The pinnacle of anti-consumerism posturing is groups that take these attitudes to a formalized public level, or even publication, with the most notable being AdBusters. To many, the AdBusters group, magazine and website represent the advance guard in the battle against consumerism, the shock troops bravely taking on the crushing forces of advertising, marketing and consumerist excess. I see them a little differently. Without putting too fine a point on it, AdBusters and its kin are irrelevant poseurs, focused on entertaining their choir with rote speeches about the awfulness of ad culture and creating ever-more elaborate posters and art—ads in all but name—for their annual celebration of “Buy Nothing Day.” For twenty-five years they’ve sat in a closed circle, virtually unknown and wholly ineffectual, more concerned about being mutually well-thought of than actually accomplishing anything outside of the group.

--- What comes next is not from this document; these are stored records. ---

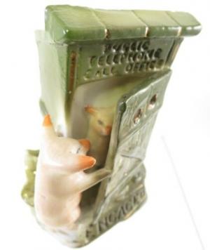 ANTIQUE PINK PIGS GERMAN FAIRING PORCELAIN FIGURINE ENGAGED IN PHONE BOOTH
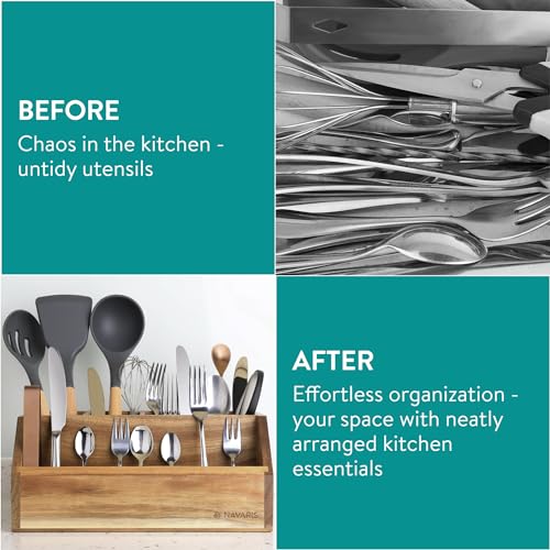 Elegant Farmhouse Decor: Add a rustic touch in your kitchen with an acacia wood large utensil holder. Its natural wood finish and farmhouse charm make it a stylish cutlery holder for table or countertop use.
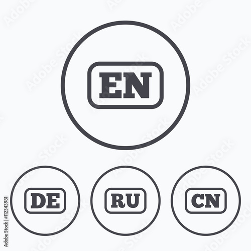 Language icons. EN, DE, RU and CN translation.
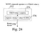 FIG. 24 andFIG. 25 show an implementation ofoperator methods372,380 for wireless datagram transaction protocol (WDTP) sequence numbers. An algorithm for the implementation of the operator methods for WDTP_seqnum is shown in Table 17.
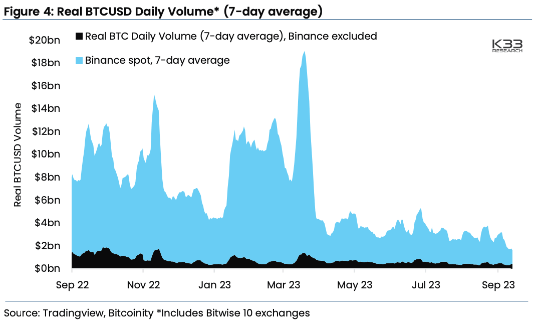 20일(현지시간) 가상자산 전문 미디어 더블록은 K33 리서치를 인용해 "9월 1일 이후 중앙화 거래소들의 현물 비트코인 일일 거래량(7일 평균)이 약 48% 감소했으며, 최대 거래소 바이낸스의 경우 무려 57% 줄어들었다"라고 보도했다.

The AdBusters crowd is convinced that their hip, sharp “culture jamming” is breaking down the wall of consumerism and undoing the work of ad agencies and corporate culture-shapers everywhere. They are in fact more relevant—barely—as a graphic arts guild feeding ideas into commercial creative than anything else; AdBusters magazine is often shelved next to Advertising Age in commercial art and advertising firms. So much for sticking it to the Man.

What AdBusters failed to appreciate is that MAD magazine created and thoroughly exploited the possibilities of the satirical ad at the height of the “mad men” culture of the 1950s—thirty years before AdBusters’ formation. They further failed to notice that comedian [7] Stan Freberg extended the satirization to television—and began its co-option—in the early 1960s, and did so in the service of notable anti-consumerist cultural revolutionaries like Heinz, General Mills and Pillsbury.

The notion of satirizing ads to deconstruct and devalue them had become old hat even before Freberg made a brief art form (and a personal fortune) from it; the self-satirical ad has been an agency staple ever since. Even Freberg’s 1967 attempt to satirize airliner crashes on behalf of a troubled airline, regarded as one of the worst ad campaigns of all time, couldn’t kill the species or even drive it from consumer view for long. It’s not possible to watch commercial television or skim any mainstream magazine very long without seeing a satirical or self-mocking ad; viewers laugh and nod admiringly at the gutsiness of the seller… and buy the product. The notion has become so thoroughly co-opted that true satirists are left without targets. Which has not stopped AdBusters—magazine, website and acolytes—from firing blanks for three decades.

Their remaining attempt at connection to the real world is “Buy Nothing Day,” the day after U.S. Thanksgiving on which they elaborately convince each other, and hardly anyone else, to not spend any money. Their efforts have so far failed to change this day’s status as the single biggest shopping day of each year, and the impact is probably even less given that even adherents of the Day simply spend money the other 30 days or so of the ever-expanding gift-shopping season.

In the end, AdBusters’ “culture jamming” is self-referential and very nearly self-cancelling; it is the notion’s own gears that are jammed.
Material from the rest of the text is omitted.